Winster's parish church is the Church of St John the Baptist, and a week-long annual carnival called Winster Wakes starts on the first Sunday on or after 24 June (the patronal day of St John the Baptist). Main Street is closed briefly on the Sunday for the Wakes Parade, and for much of the following Saturday afternoon, when there are stalls and entertainment (including Morris Dancing) in the street.

== Fatal duel ==
As reported in The Times (London) on 2 June 1821, a local surgeon, William Cuddie, was courting Mary, the daughter of the wealthy Brittlebank family of Oddo House in Winster. In May 1821 one of her brothers, William Brittlebank, tried to end their association. On the evening of 21 May Cuddie and Brittlebank quarreled violently. The doctor later received a note:

Sir, I expect satisfaction for the insult you dared to offer me at a time when you knew that my situation with a helpless Woman prevented my chastising you. Name your time and place, the bearer will wait for an answer. Yours William Brittlebank, Junior. I shall be attended by a friend and prepared with pistols, and if you don’t meet I shall post you as a coward.

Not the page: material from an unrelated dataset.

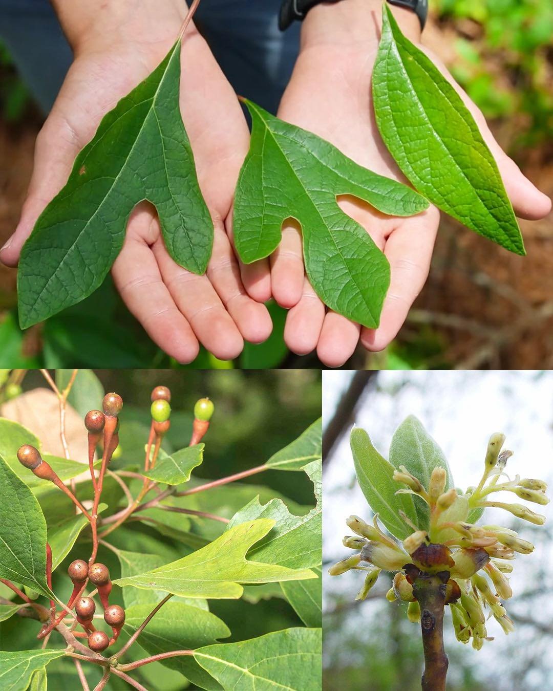 Sassafras (Sassafras albidum) is a tree or shrub known for its unique three-shaped leaves and aromatic properties. It thrives in the Southeast United States but can also be found in other regions.

Cuddie refused to reply to the letter. The following afternoon three of the Brittlebank brothers and a mutual friend, Edmund Spencer, arrived in his garden at Bank House with two loaded pistols. Cuddie reluctantly accepted one of the weapons. William Brittlebank walked 15 yd away, turned and fired. Two shots were heard but only Cuddie was hit. He died a few hours later.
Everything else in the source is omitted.